All that said, if your only goal is to have a smaller waist, Waterbury thinks there’s a hypothetical chance it could work over a long period of time—years, rather than weeks or months. That’s because your waist expands over your lifetime. (Discover smart ways to keep it to size.)
“The likelihood of offsetting the natural gut expansion is probably pretty good,” he says. “The body won’t grow tissue if there’s no room.”
Which brings me to the second thing I noticed when I spent a morning in a belly binder. I was immediately, intensely, and constantly aware of my gut. One of the benefits of working from home is that I never have to wear tight or uncomfortable clothes. Which is also a huge drawback.
I could pretend the four pounds I’d gained this year was mostly muscle, until a corset squeezed all the fat into one squishy space and made it impossible to ignore.

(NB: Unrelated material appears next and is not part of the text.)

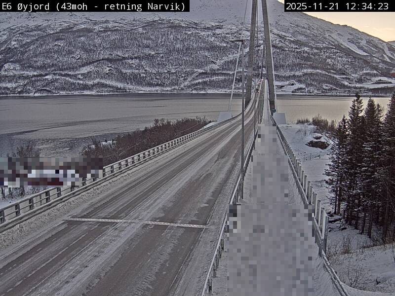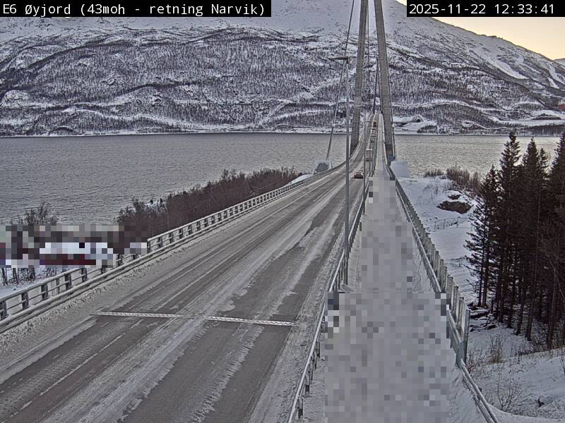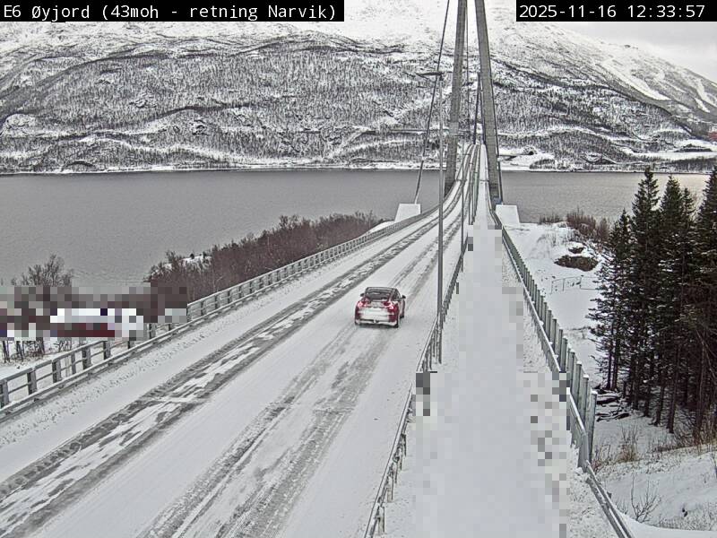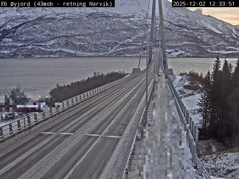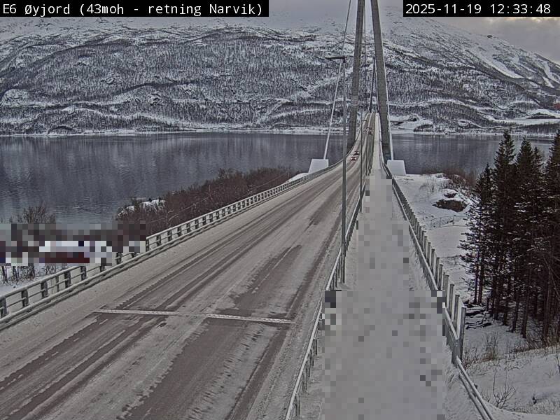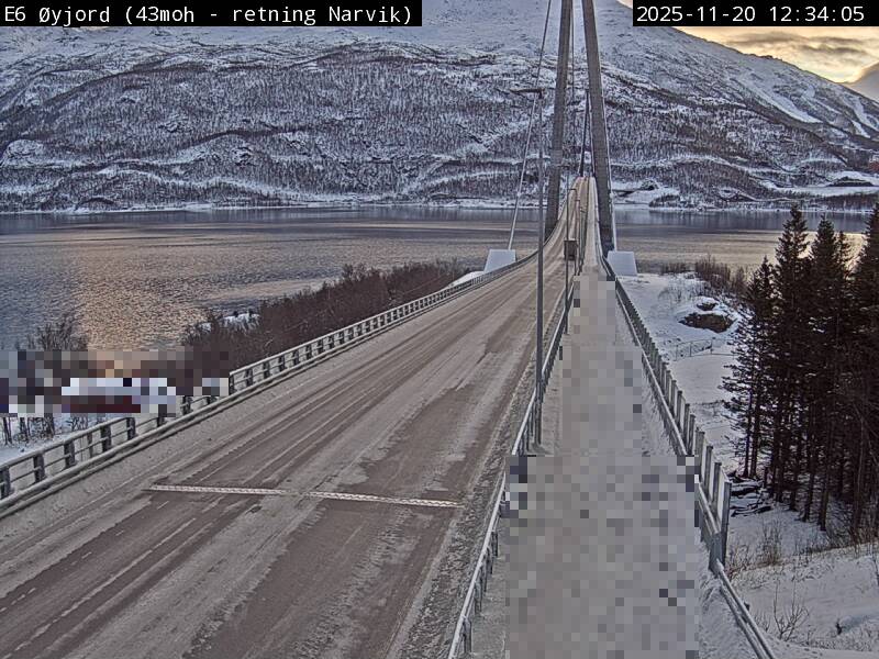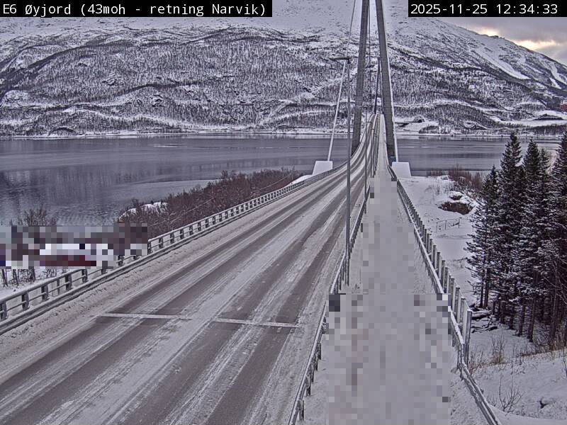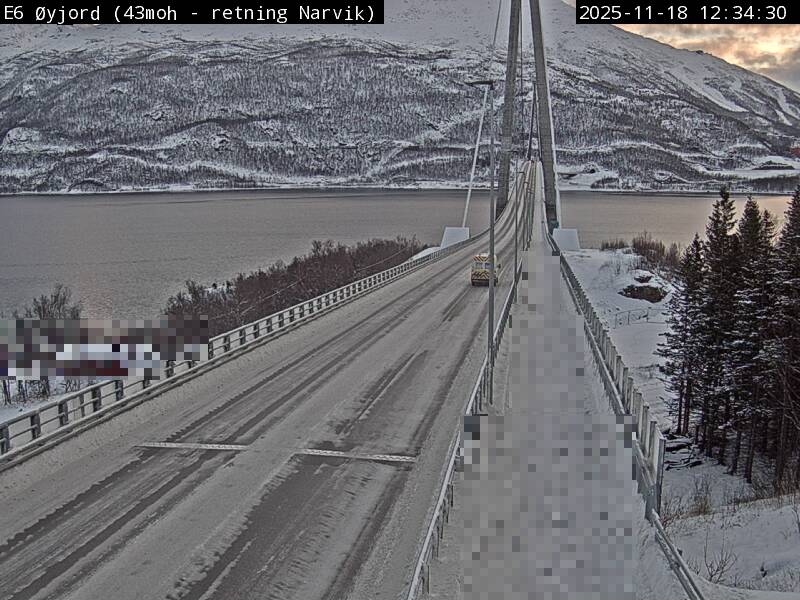 Øyjord, Norwegen - 120.7 km von Andsnas: Verkehr E6 bei Øyjord, Hålogalandsbrua

Now I understand why so many corset-wearing celebrities and their fans believe “waist training” is actually a thing. As Waterbury said, it might be, if you wear a genuinely restrictive device hours a day for years on end.
But in the short term, the biggest change is most likely awareness. Corralling your flab the way I did sends a distress signal to your brain, one that says, “Don’t feed me!”